Like many other programming languages, R enables a few operators to do basic logical calculations. The following table demonstrates what they do:

Symbol

Description

Example

Result

&

Vectorized AND

c(T, T) & c(T, F)

c(TRUE, FALSE)

|

Vectorized OR

c(T, T) | c(T, F)

c(TRUE, TRUE)

&&

Univariate AND

c(T, T) && c(F, T)

FALSE

||

Univariate OR

c(T, T) || c(F, T)

TRUE

!

Vectorized NOT

!c(T, F)

c(FALSE, TRUE)

%in%

Vectorized IN

c(1, 2) %in% c(1, 3, 4, 5)

c(TRUE, FALSE)

Note that in an if expression, && and || are often used to perform logical calculations that are only needed to yield a single-element logical vector. However, the potential risk of using && is that if it is made to work with multi-element vectors, it will silently ignore all but the first element of the vectors on both sides. The following example demonstrates the difference in behavior of using either && or & in conditional statements.

The following code creates a test_direction function that tells the monotonicity of supplied argument values. We'll build on this example through the next section. If the values of xy, and z are monotonically increasing, the function returns 1; if they are monotonically decreasing, the function returns -1. Otherwise, it returns 0. Note that the function uses & to perform a vectorized AND operation:

test_direction <- function(x, y, z) {
  if (x < y & y < z) 1
  else if (x > y & y > z) -1
  else 0
} 

If the arguments are supplied scalar numbers, the function works perfectly:

test_direction(1, 2, 3)
## [1] 1 

Note that & performs a vectorized calculation and thus returns a multi-element vector if one argument has more than one element. However, if only works with a single-value logical vector; otherwise, it would produce a warning:

test_direction(c(1, 2), c(2, 3), c(3, 4))
## Warning in if (x < y & y < z) 1 else if (x > y & y > z)
## -1 else 0: the condition has length > 1 and only the first
## element will be used
## [1] 1 

If we replace both & operators present in test_direction2 with && and create a new function test_direction2, the function would look as follows:

test_direction2 <- function(x, y, z) {
  if (x < y && y < z) 1
  else if (x > y && y > z) -1
  else 0
} 

Then, the two example test cases may have different behaviors.
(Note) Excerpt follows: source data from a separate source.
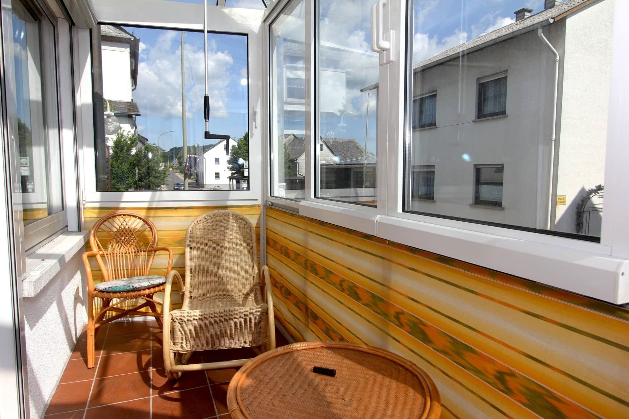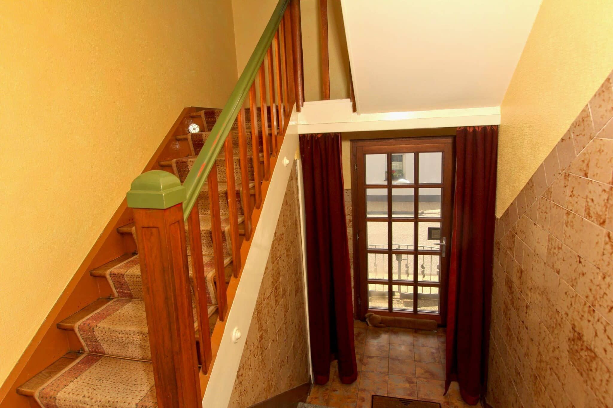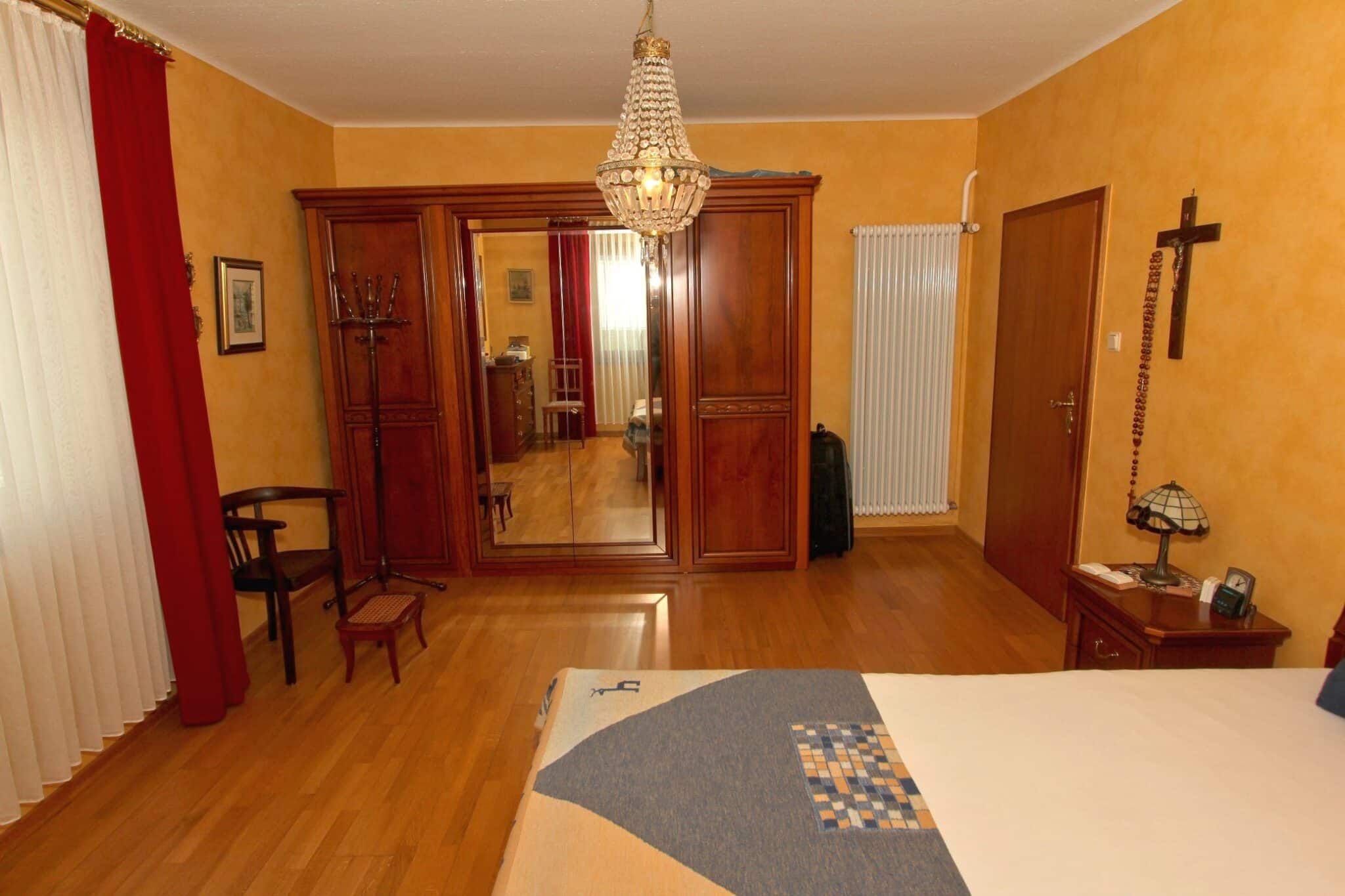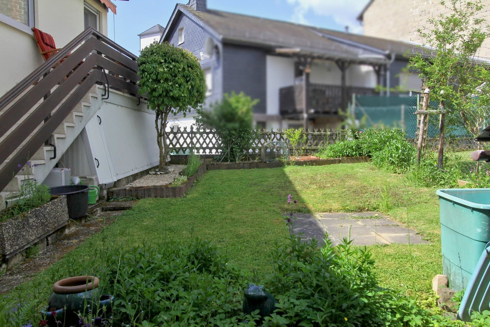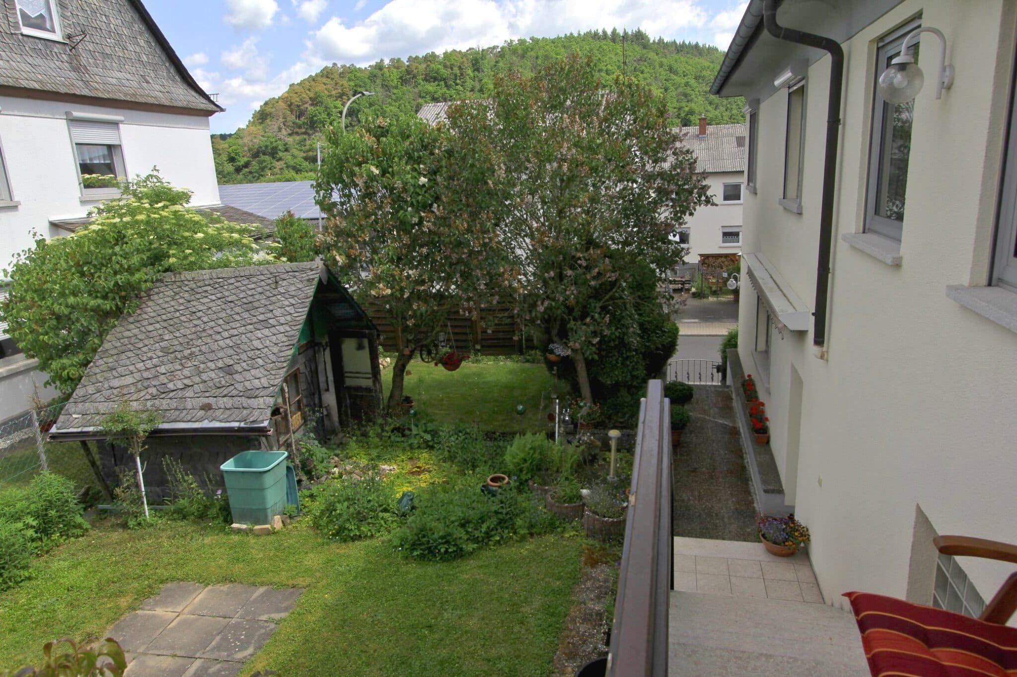 In der Schulstraße, zentral gelegen, wurde im Jahre 1936 dieses repräsentative Anwesen als Wohn- und Geschäftshaus erbaut. 1961 wurde die ehemalige Garage zu Wohnraum umgebaut und 1970 die Terrasse zu einem neuen Gebäudeteil mit Walmdach aufgestockt. Das Haus kann als Ganzes mit mehreren Generationen, als einzelne Wohnungen oder – wie ursprünglich – als Wohn- und Geschäftshaus genutzt werden. Durch das vorgelagerte Treppenhaus sind die Wohnbereiche in Erd- und Obergeschoss separiert und in sich abgeschlossen. Der Wohnbereich im Dachgeschoss ist durch den Flur der Obergeschosswohnung zu erreichen.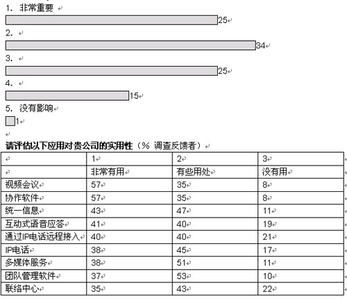 我們調(diào)查的企業(yè)中,有超過(guò)三分之二將在未來(lái)五年內(nèi)實(shí)現(xiàn)大多數(shù)或者所有部門向融合網(wǎng)絡(luò)的轉(zhuǎn)型。大部分企業(yè)采取按部就班的形式在某些特殊部門和業(yè)務(wù)開始部署。在融合應(yīng)用中,IP語(yǔ)音電話將在未來(lái)三年內(nèi)吸引大量投資;管理人士期望通過(guò)大幅削減公司內(nèi)部的通話費(fèi)用獲得早期的回報(bào)。在更廣泛的層面上,大多數(shù)管理者預(yù)計(jì),融合網(wǎng)絡(luò)對(duì)其企業(yè)的商業(yè)影響將會(huì)“非常重要”或者“重要”。
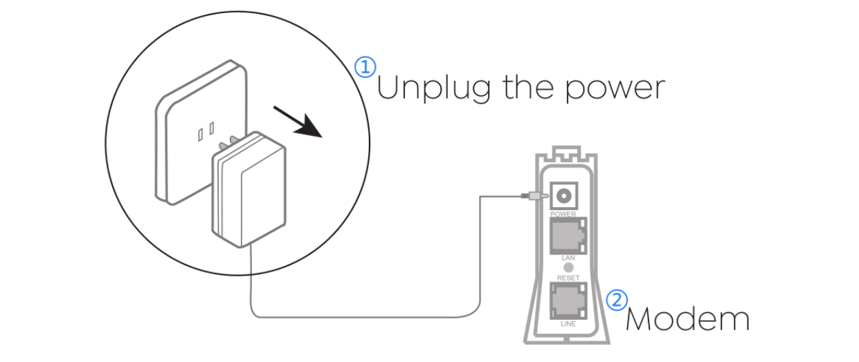 ① Unplug the power ② Modem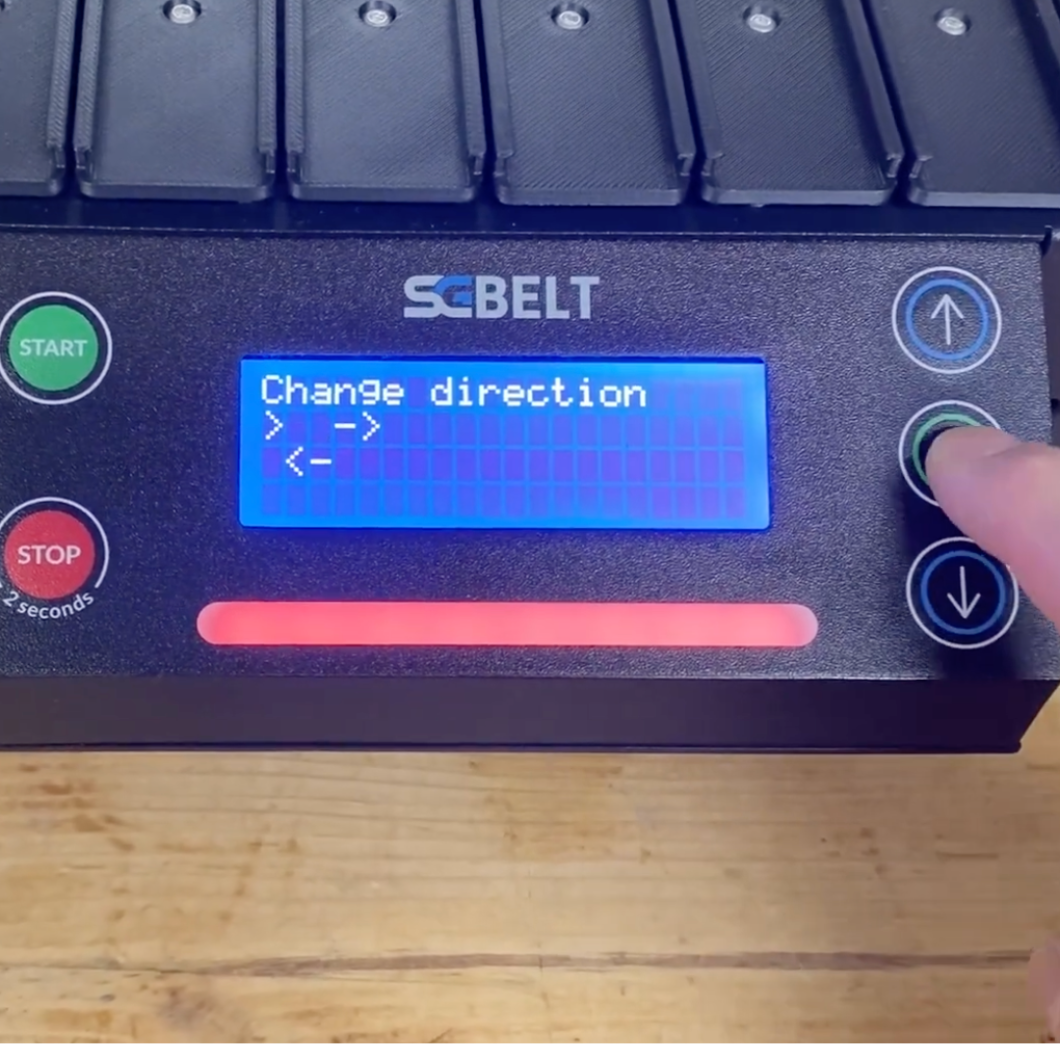 Najważniejsza i oczekiwana zmiana, którą wprowadziliśmy, to dodanie do podajnika opcji pracy dwukierunkowej. Pozwala ona na maksymalnie ergonomiczne ustawienie stanowiska pracy, zależnie od potrzeb, przyzwyczajeń, ustawienia lasera, bądź innych specyficznych potrzeb produkcji. Dodaliśmy w tym celu dodatkową opcję do menu podajnika, gdzie w prosty i intuicyjny sposób w dowolnym momencie możemy zmienić kierunek pracy podajnika do znakowania laserowego SGBELT.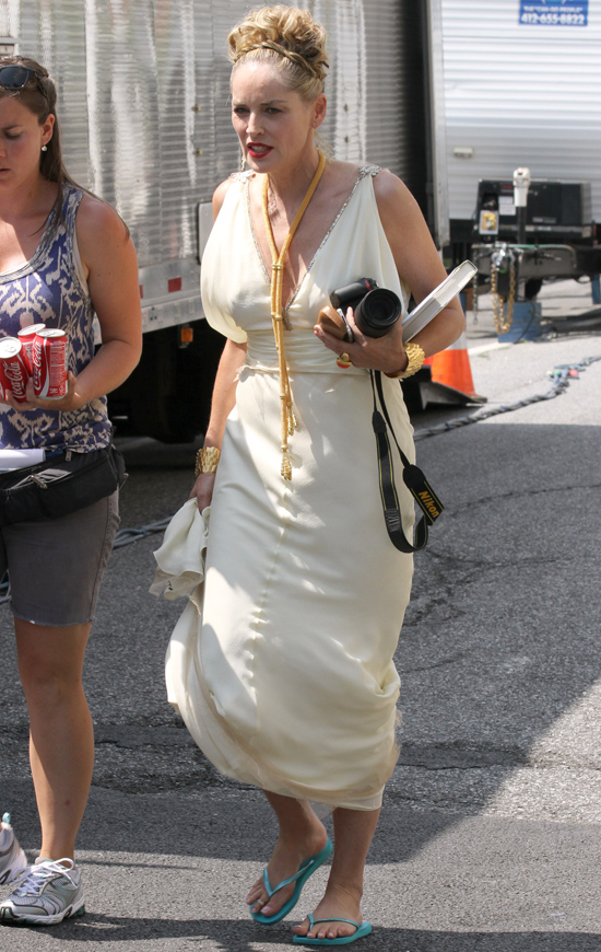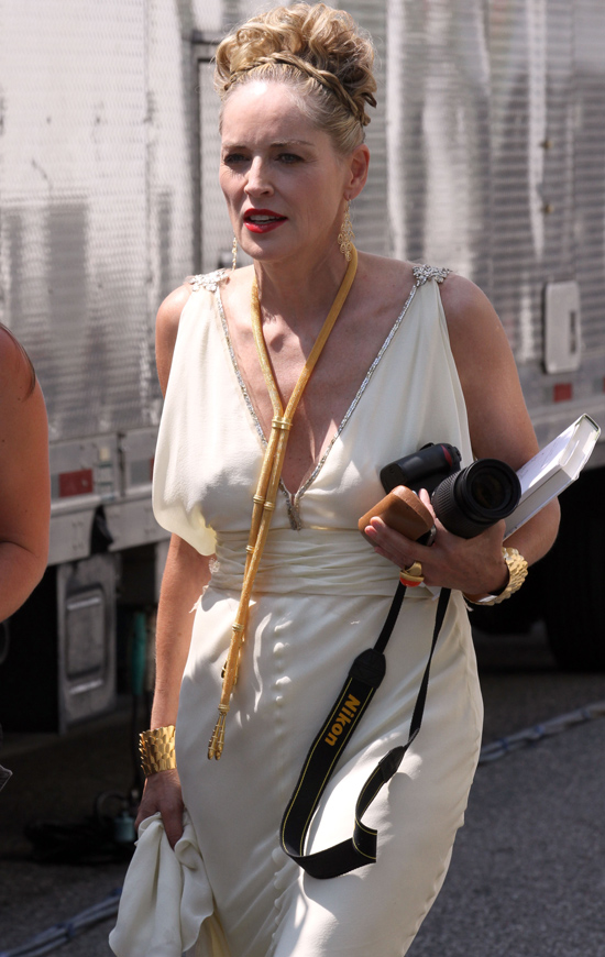 Με τα μαλλιά μαζεμένα ψηλά, ένα φλογερό κόκκινο κραγιόν στα χείλη και ένα ριχτό φόρεμα η Sharon Stone κυκλοφορούσε στους δρόμους της Νέας Υόρκης υποδυόμενη την Αφροδίτη για τη νέα της ταινίας, με τίτλο «Gods Behaving Badly».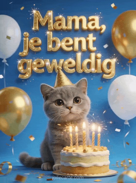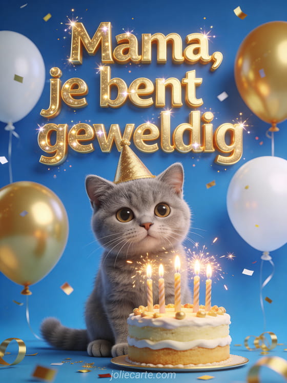 Zeg mama dat ze geweldig is met een vrolijke verjaardagskaart met een grijze Britse korthaar kat, een lichtgevende taart, gouden ballonnen en feestelijke confetti. Je kunt ook een fijne verjaardag kaart voor mama, een kaart met fijne verjaardag mama hart of een verjaardagskaart voor je eigen mama sturen.

For scalar input, the behavior of the two versions are exactly the same:

test_direction2(1, 2, 3)
## [1] 1 

However, for multi-element input, test_direction2 silently ignores the second element of each input vector and thus does not produce any warnings:

test_direction2(c(1, 2), c(2, 3), c(3, 4))
## [1] 1 

Finally, which is the correct use, & or &&? It all depends on your demand. What behavior do you expect under all circumstances? What do you expect if the input is scalar values or multi-element vectors? If you expect the function to tell you whether all elements in the same position of each input vector have monotonicity, then both uses are incorrect in part and require the use of logical aggregation functions, to be introduced in the next section.

Logical functions

In this section, we will look at aggregating logical vectors and finding the true elements.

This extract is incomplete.